An actual look at the Nettle documentation shows that Nettle provides
direct access to crypto routines (aes128_encrypt, aes256_encrypt,
aes_decrypt, chacha_poly1305_set_key, etc.). Libgcrypt provides a more
generic interface (gcry_cipher_open, gcry_cipher_encrypt) which means it
is easier to use when multiple ciphers can be chosen (which is the case
for SSL/TLS, IPsec, IKE).
Thus, I think that it is better to stick to Libgcrypt than migrate to
Nettle.
I was not considering a migration from gcrypt to nettle, just choosing one
of the two libraries to replace our bundled crypto. Assuming the effort
required for that is similar (maybe an incorrect assumption).
The status quo is that Libgcrypt is already used in many places while
nettle is only an implicit dependency (needed for GnuTLS). Since
Libgcrypt and nettle are comparable in feature set, changing to nettle
would be more effort and it seems better to stick to Libgcrypt.
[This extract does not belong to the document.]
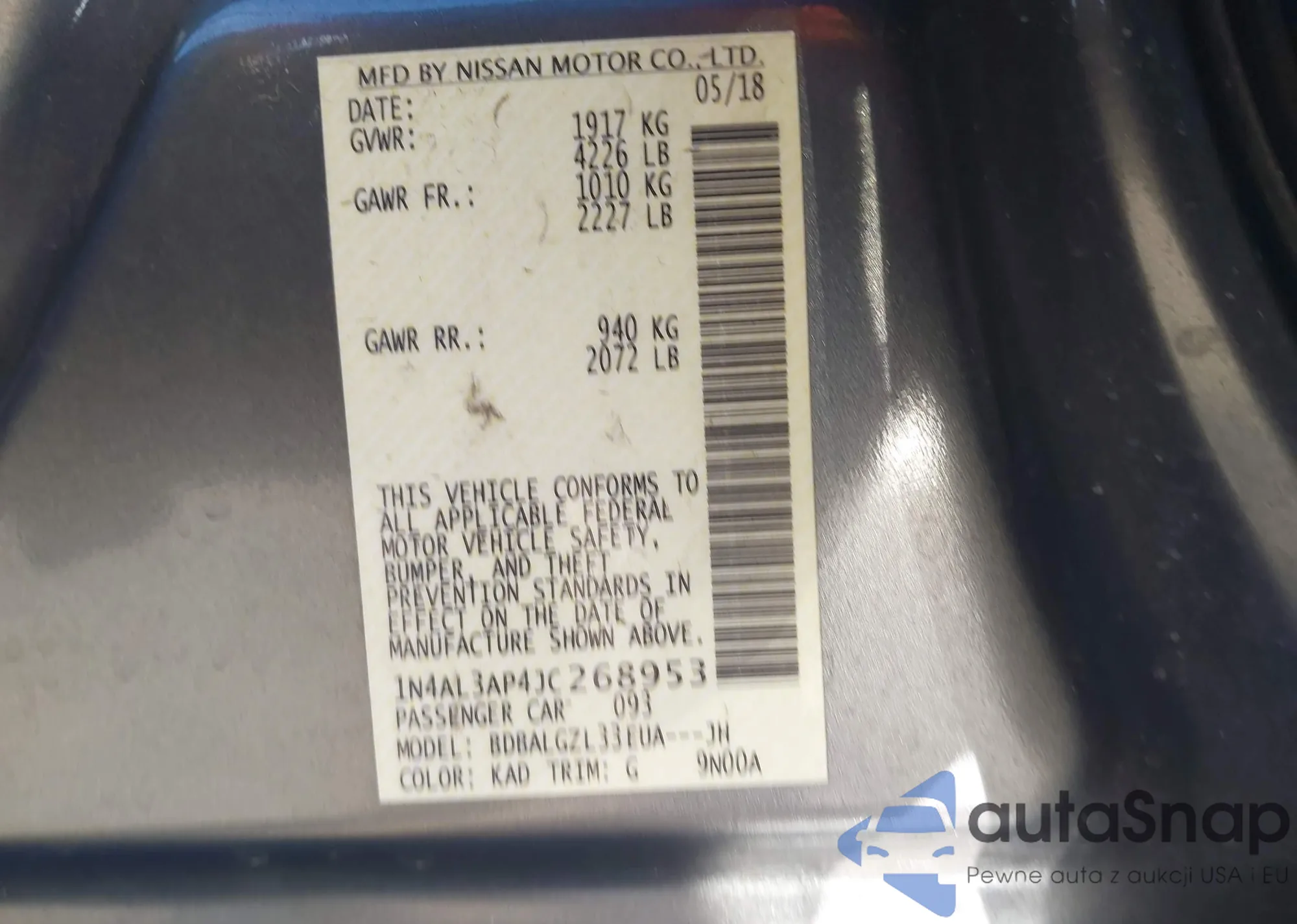 Автомобиль Nissan Altima 2018 (VIN 1N4AL3AP4JC268953) ранее не участвовал в торгах. Документы чистые, пробег соответствует или ниже среднего по рынку. Продаётся страховой компанией — рекомендуем покупку. Доставка в порт займет около 6–8 недель.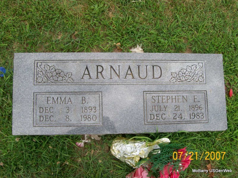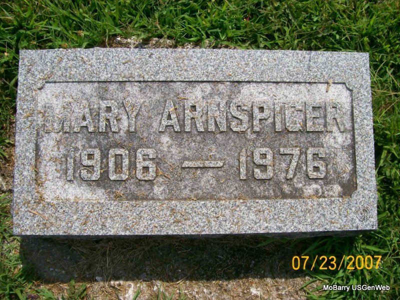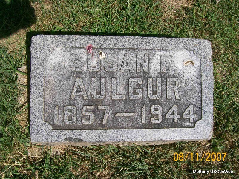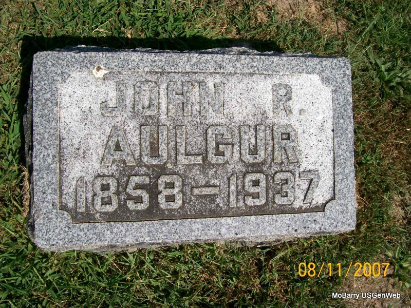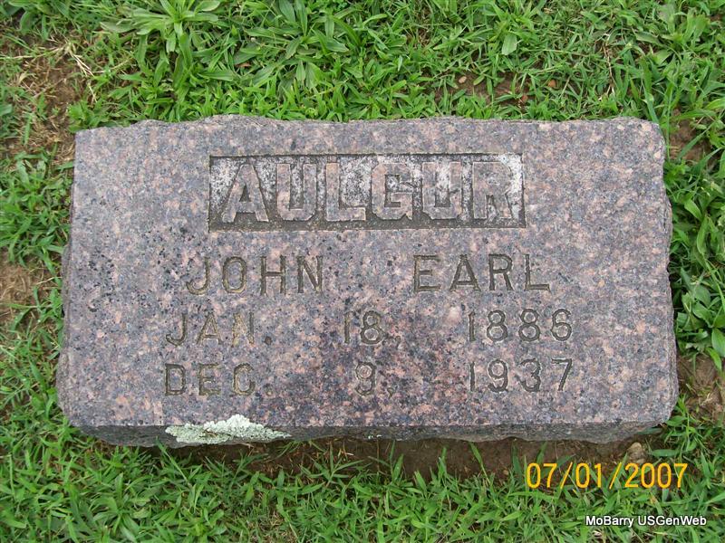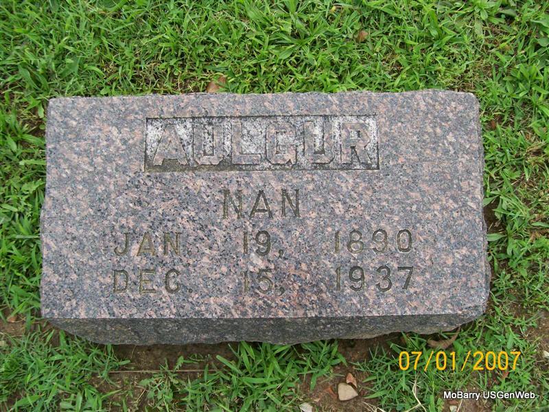 Research Note: Her death certificate names John R. Aulgur as her husband. Her father was given as Nathan Curry, born TN and her mother as Basheba Patterson, born TN. She is listed as a widow 2 times. Cause of death was given as myocardial degeneration and chronic Myocardial. Her usual address was 610 Benton Ave., Monett, Barry Co., MO, and she had lived in the community 43 years. - Aulgur Plot Stone |

There are two things here: one is a bunch of Libgcrypt calls guarded by
#ifdefs. Those will stay, obviously, unless someone wants to step forward to
do the porting work and review to move to a different library.
The other is a bunch of of crypto files in wsutil that could be replaced by
any number of crypto libraries. For example wsutil/aes.c comes from FreeBSD
apparently. I hadn't even thought of Nettle before Gerald mentioned it but I
was just wondering if it would be a better option than Libgcrypt. No big
deal, just thought I would ask.
Your change set (20030) hasn't addressed the second case. All the wsutil
code is still there. Just out of curiosity are you planning to work on this?
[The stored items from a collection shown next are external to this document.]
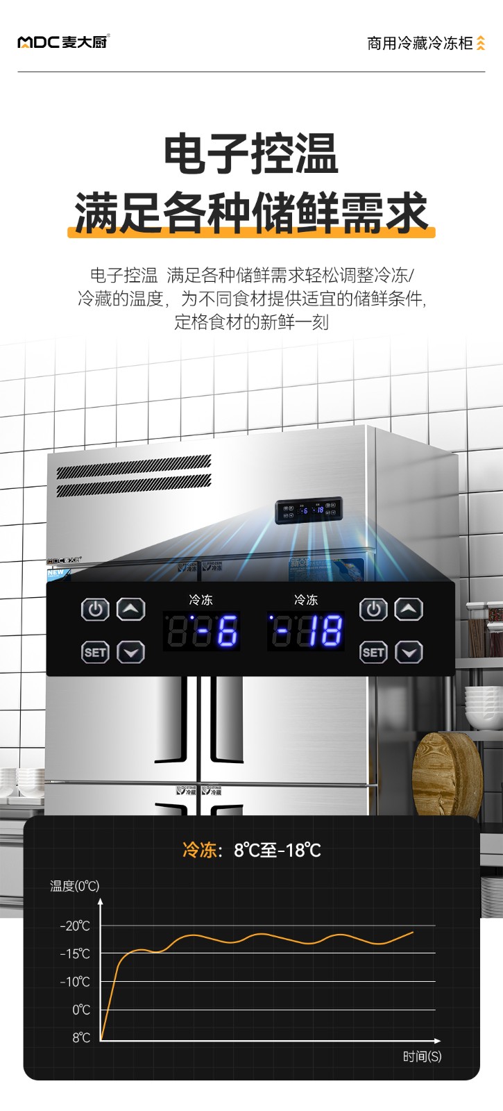 冷凍溫度范圍:8℃~-18℃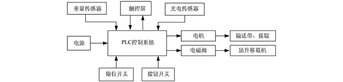 自动化养蚕装备主要通过PLC控制系统搭配各种传感器与执行器控制各机构的运转,其控制原理如图 2所示。其中触控屏可设定输送带速度值并显示装备运行时的各项参数;限位开关、重量传感器及光电传感器将蚕盘的位置信号反馈给PLC控制系统;PLC通过接收并处理来自触控屏及各传感器的输入信号,将其转化为控制指令,进而控制电机[18]、电磁阀,实现自动化养蚕作业过程。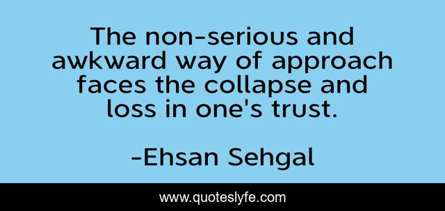 This page presents the quote "The non-serious and awkward way of approach faces the collapse and loss in one's trust.". Author of this quote is Ehsan Sehgal. .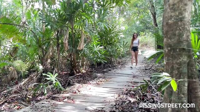 - Description: Sexy brunette loves to pee in public place

My original goal was to replace wsutil by an existing crypto library
(case 2). Since we Libgcrypt is already used in a lot of places, it
seemed natural to replace wsutil by Libgcrypt.
When trying to do so, I noticed that having an optional Libgcrypt makes
it much harder and hence changeset 20030 was created first to make it
mandatory. Once that is in place, we can change the wsutil crypto users
to Libgcrypt. I plan to start working on that in the next days, let me
know if you want to join this effort :-)
I think a small abstraction layer above the lower-level crypto routines,
whatever those may be (libgcrypt, nettle, home-grown - yuck), would be a
useful thing to have. It would accomplish two things:
1. Easily change dependencies without having to change dissector code.
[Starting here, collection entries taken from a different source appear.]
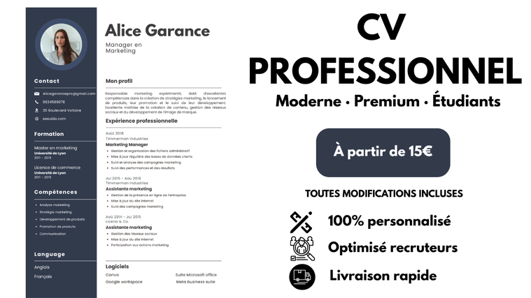 J'ai réalisé des études en création et design de support digitaux. Cela est plus qu'une simple activité pour moi, c'est une vocation. Je crée pour vous un CV professionnel 100% personnalisé selon votre demande. J'adapte ma création en fonction de votre profil et vos objectifs (stage, emploi, alternance).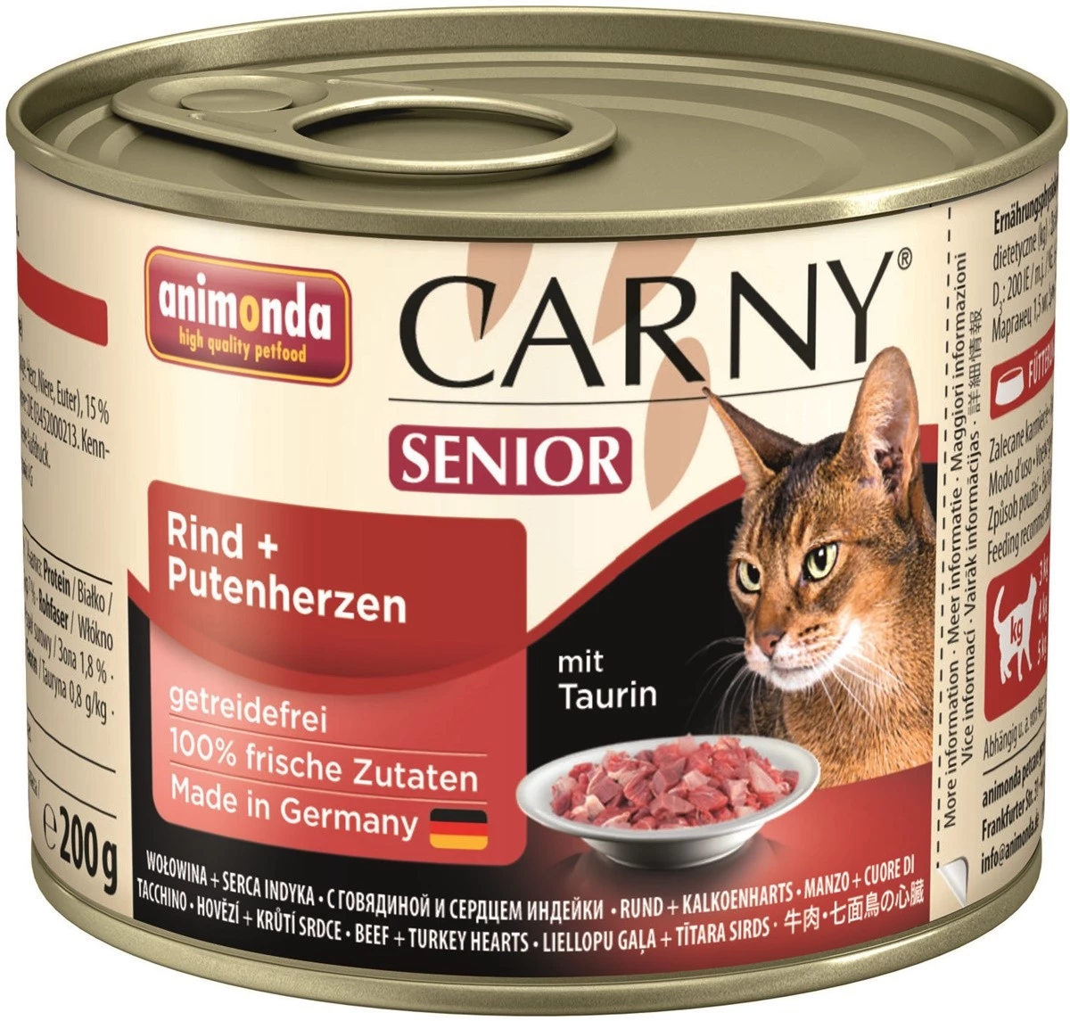 Cechy karmy w puszce z wołowiną i sercami indyczymi Animonda Carny: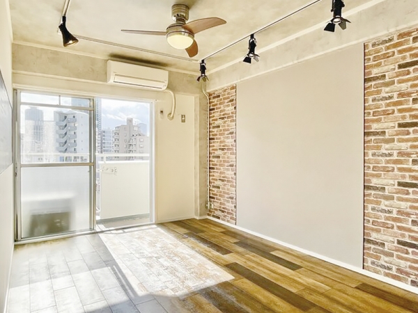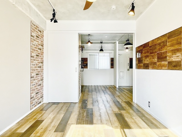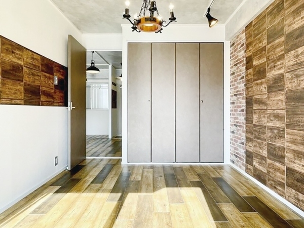 奥の洋室は6帖。ヴィンテージレンガの壁ですが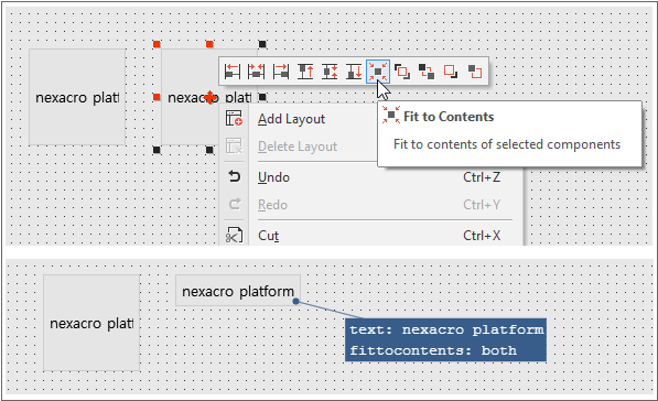 minwidth、minheight、maxwidth、maxheight、fittocontentsプロパティは、アプリの実行時に反映されるプロパティです。nexacro studioのデザインモードで、プロパティ値に基づいてコンポーネントのサイズを変更するには、コンポーネントを選択して、メニューの[Design>Fit to Contents]もしくはツールバーやコンテキストメニューから[Fit to Contents]を選択します。

2. Disable crypto in a saner way and keep the dependency optional,
without having to use #ifdefs all over the place (just one place in
fact). Example:
int ws_aes_decrypt(...) {
#ifdef HAVE_AES_DEPENDENCY
err = aes_decrypt(...);
if (err == AES_OK) {
return WS_CRYPTO_OK;
} else {
...
}
#else
return WS_CRYPTO_DISABLED;
#endif
}
Then of course require crypto consumers (dissectors and whatever else)
to handle the WS_CRYPTO_DISABLED case as appropriate.